I sat back basking in the glow of the preschool teachers praise of my child. Yes, that's my daughter, smart as hell. Genius level although I admit that I may be biased. But the teacher is right, my daughter knows her numbers and I'll take the praise. I know that it's because I am a SAHD, that I have quit the rat race to teach her greatness. To mold her and insure that when she accepts her award for being most awesome person alive that she thanks me, most awesome dad ever.
Then the teacher asks me how I did it. How do I manage to teach my daughter material before they get to it in class. How have I taught her to count so well?
That's right, zombies.
Go ahead and judge me, I don't care. And when the hungry hoard shows up to your unprepared house, feel free to judge me while they are having your brains with some fava beans.

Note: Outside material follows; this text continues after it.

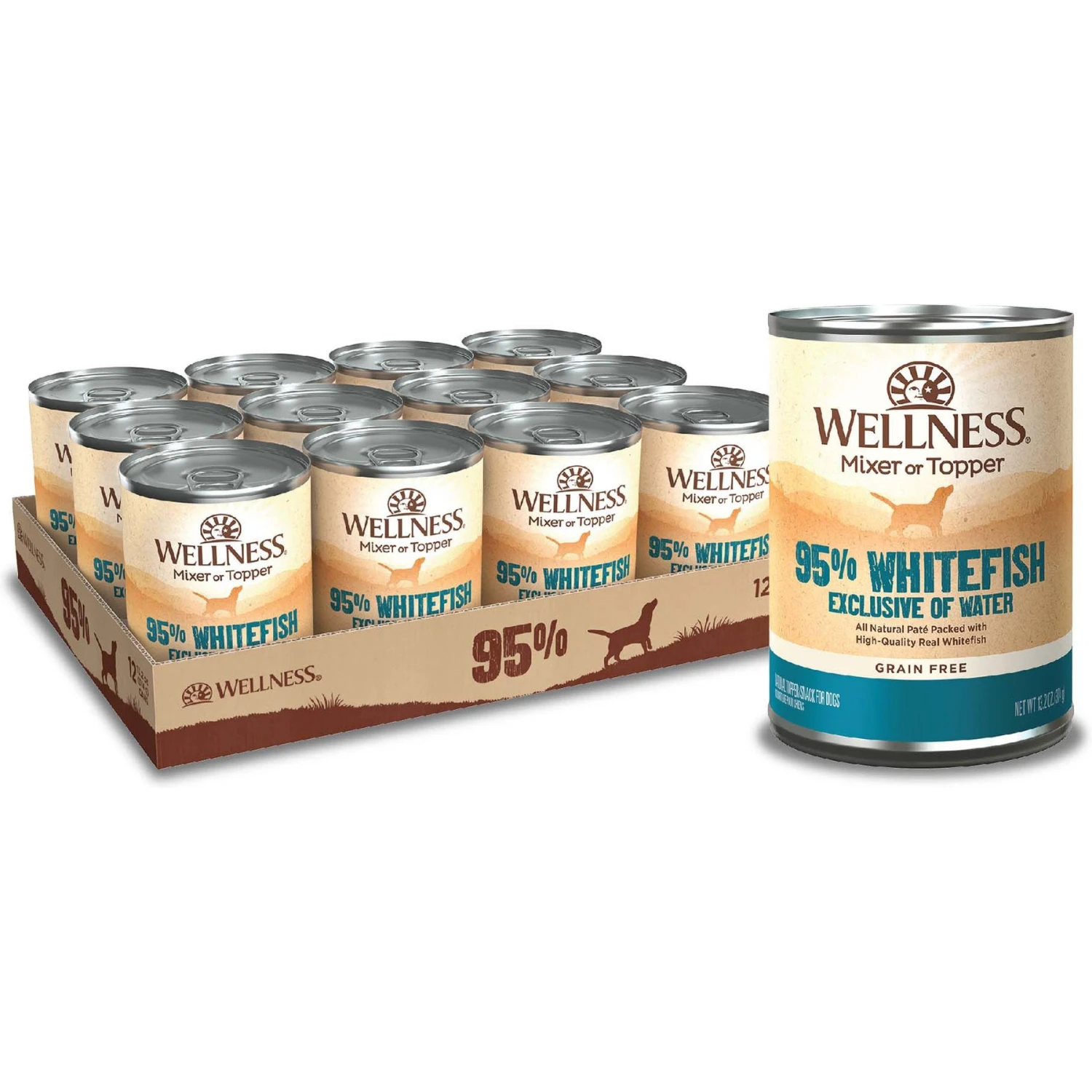 Wellness 95% Whitefish Natural Grain-Free Wet Dog Food Topper, 13.2-oz Can, Case Of 12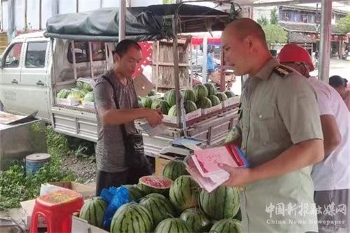 7月5日,湖南省邵陽市綏寧縣關(guān)峽苗族鄉(xiāng)黨委政府組織干部在集市門店開展征兵宣傳活動,激發(fā)適齡青年積極投身綠色軍營熱情,激發(fā)廣大青年“戎裝夢”,全力吹響2023年下半年征兵“集結(jié)號”。

Here's the difference. You'll hear "Dad, there's an unknown number of zombies at the front door and some more coming through the window. How many? I don't know, I can only count to 5. So more than 5." By that time, it's already to late for you.
On my side it will be much different. "Whiskey Tango, this is Bravo Turkey. We got 8 bogey's coming down the tunnel. I repeat, that's 8. 8, looks like a snowman without a hat. Coming down the tunnel. Also be advised that there is another 12 hanging out in the backyard chasing Jeff the Squirrel. Confirm Whiskey Tango, that's a 1 and 2 put together in the backyard chasing Jeff. 1 and 2 together make 12. Bravo Turkey out."
Boom, that's how it's done boys and girls.
I understand that my methods are unorthodox, maybe perhaps even radical. I think that I'm just ahead of the curve and you chumps haven't caught up yet. But you better hurry, the dead won't stay dead forever.
However, they aren't the only threat that we have to face in the future, if all the movies and video games are correct, and I believe that they are. So we vary our teaching method from time to time. Sometimes we count aliens, slimy looking things that sometimes swim very fast and like to stand out in the open. For some reason, they don't hide very well. And cyborgs, always got to worry about cyborgs. Skynet is just around the corner.
But sometimes it's Barbies.
Little Hoss insists that the Barbies are princess warriors sent to help us. Good, we could always use the reinforcements to make up for those of you that don't count Zombies. Now if we can get Strawberrry Shortcake to get off her butt, we're in business.